=== TASK BRIEF ===
Images aside, return all the entries exactly.

Collected data:

┌──

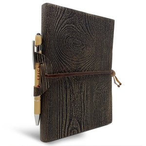 Your field notes journal from Epica features a suede rustic woodgrain leather pattern. Italian handmade leather features a clever leather strap closure and includes a pen holder for making it a perfect notebook for field notes.
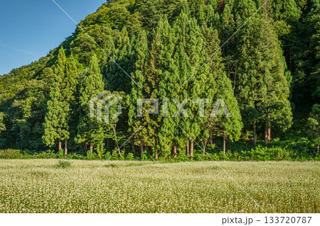 南会津に広がる白いそば畑と杉林が並ぶ初秋の風景(福島県)
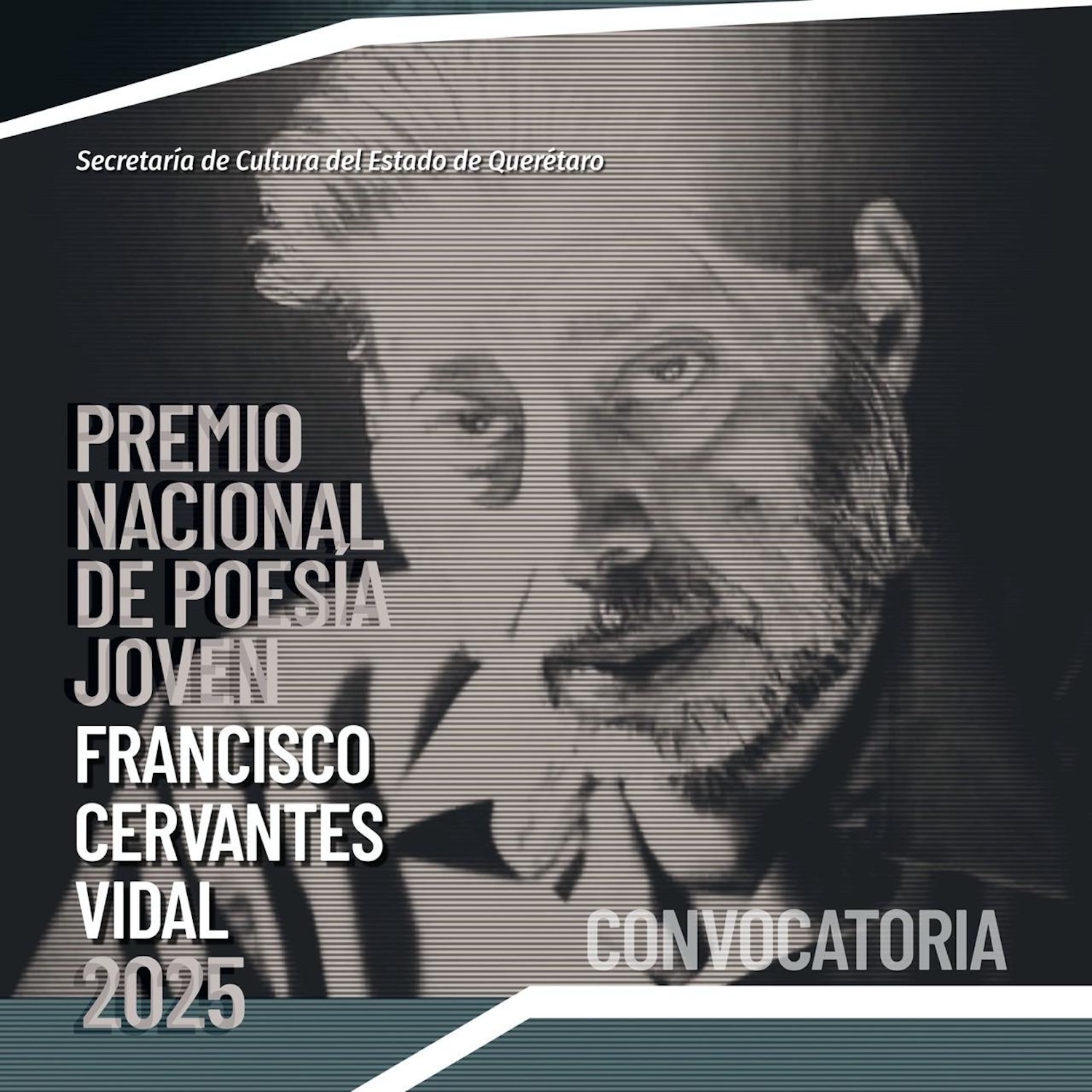En cuanto al Premio Nacional de Poesía Joven “Francisco Cervantes Vidal” 2025, la convocatoria está abierta para todos los poetas mexicanos de nacimiento y extranjeros con más de cinco años de residencia en el país, que tengan un máximo de 30 años cumplidos; podrán participar con volúmenes de poemas inéditos, escritos en español, con tema y forma libre.
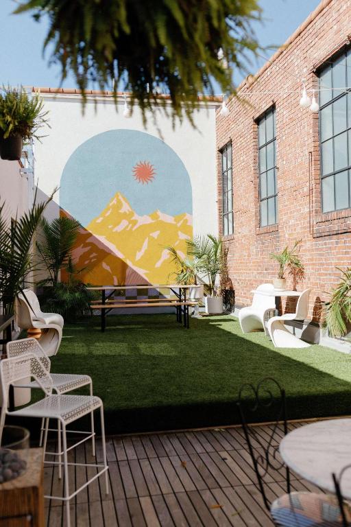 Aucune chambre ne se ressemble : chacune est conçue dans un style bohème chic et baignée de lumière naturelle. Les intérieurs mettent en valeur des murs en briques apparentes, des plafonds aux poutres apparentes, de grandes fenêtres ornées de rideaux légers et des plantes en pot, mêlant des pièces du milieu du siècle dernier à un mobilier ludique comme des boules disco, des tabourets en bambou et des fauteuils suspendus en osier.
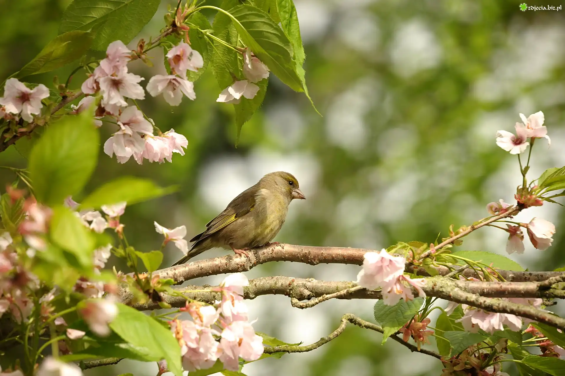 Zdjęcie Ptak, Dzwoniec zwyczajny, Okwiecone, Gałązki
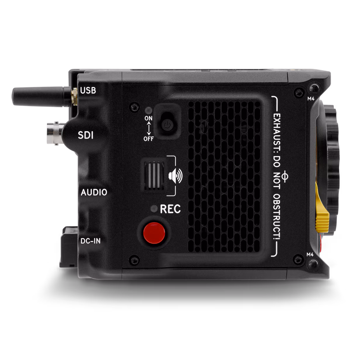 12G SDI, full sized DC-IN, USB Type-C, and a phantom powered locking audio connector further enables KOMODO-X to seamlessly integrate into any professional workflow. KOMODO-X is compatible with DSMC3™ RED® 5-Pin to Single 3.5mm Adapter to support existing KOMODO microphones, or the DSMC3™ RED® 5-Pin to Dual XLR Adapter for general purpose XLR microphones.
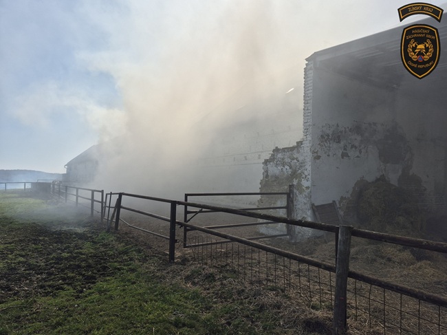Hasiči povolali na pomoc manipulátor, s jehož pomocí vyváží hořící podestýlku ven z objektu, kde ji prolévají vodou a dohašují. Požár se mezitím rozšířil také do podkroví, kde nyní probíhají další hasební práce.
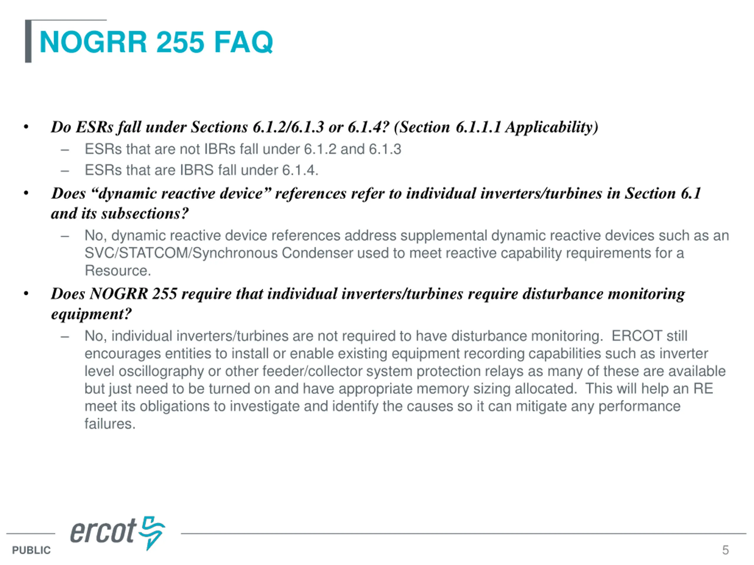 NOGRR 255 FAQ Do ESRs fall under Sections 6.1.2/6.1.3 or 6.1.4? (Section6.1.1.1 Applicability) ESRs that are not IBRs fall under 6.1.2 and 6.1.3 ESRs that are IBRS fall under 6.1.4. Does dynamic reactive device references refer to individual inverters/turbines in Section 6.1 and its subsections? No, dynamic reactive device references address supplemental dynamic reactive devices such as an SVC/STATCOM/Synchronous Condenser used to meet reactive capability requirements for a Resource. Does NOGRR 255 require that individual inverters/turbines require disturbance monitoring equipment? No, individual inverters/turbines are not required to have disturbance monitoring. ERCOT still encourages entities to install or enable existing equipment recording capabilities such as inverter level oscillography or other feeder/collector system protection relays as many of these are available but just need to be turned on and have appropriate memory sizing allocated. This will help an RE meet its obligations to investigate and identify the causes so it can mitigate any performance failures. 5 PUBLIC

└──

=== RESULT BELOW ===
 Your field notes journal from Epica features a suede rustic woodgrain leather pattern. Italian handmade leather features a clever leather strap closure and includes a pen holder for making it a perfect notebook for field notes.
 南会津に広がる白いそば畑と杉林が並ぶ初秋の風景(福島県)
En cuanto al Premio Nacional de Poesía Joven “Francisco Cervantes Vidal” 2025, la convocatoria está abierta para todos los poetas mexicanos de nacimiento y extranjeros con más de cinco años de residencia en el país, que tengan un máximo de 30 años cumplidos; podrán participar con volúmenes de poemas inéditos, escritos en español, con tema y forma libre.
 Aucune chambre ne se ressemble : chacune est conçue dans un style bohème chic et baignée de lumière naturelle. Les intérieurs mettent en valeur des murs en briques apparentes, des plafonds aux poutres apparentes, de grandes fenêtres ornées de rideaux légers et des plantes en pot, mêlant des pièces du milieu du siècle dernier à un mobilier ludique comme des boules disco, des tabourets en bambou et des fauteuils suspendus en osier.
 Zdjęcie Ptak, Dzwoniec zwyczajny, Okwiecone, Gałązki
 12G SDI, full sized DC-IN, USB Type-C, and a phantom powered locking audio connector further enables KOMODO-X to seamlessly integrate into any professional workflow. KOMODO-X is compatible with DSMC3™ RED® 5-Pin to Single 3.5mm Adapter to support existing KOMODO microphones, or the DSMC3™ RED® 5-Pin to Dual XLR Adapter for general purpose XLR microphones.
Hasiči povolali na pomoc manipulátor, s jehož pomocí vyváží hořící podestýlku ven z objektu, kde ji prolévají vodou a dohašují. Požár se mezitím rozšířil také do podkroví, kde nyní probíhají další hasební práce.
 NOGRR 255 FAQ Do ESRs fall under Sections 6.1.2/6.1.3 or 6.1.4? (Section6.1.1.1 Applicability) ESRs that are not IBRs fall under 6.1.2 and 6.1.3 ESRs that are IBRS fall under 6.1.4. Does dynamic reactive device references refer to individual inverters/turbines in Section 6.1 and its subsections? No, dynamic reactive device references address supplemental dynamic reactive devices such as an SVC/STATCOM/Synchronous Condenser used to meet reactive capability requirements for a Resource. Does NOGRR 255 require that individual inverters/turbines require disturbance monitoring equipment? No, individual inverters/turbines are not required to have disturbance monitoring. ERCOT still encourages entities to install or enable existing equipment recording capabilities such as inverter level oscillography or other feeder/collector system protection relays as many of these are available but just need to be turned on and have appropriate memory sizing allocated. This will help an RE meet its obligations to investigate and identify the causes so it can mitigate any performance failures. 5 PUBLIC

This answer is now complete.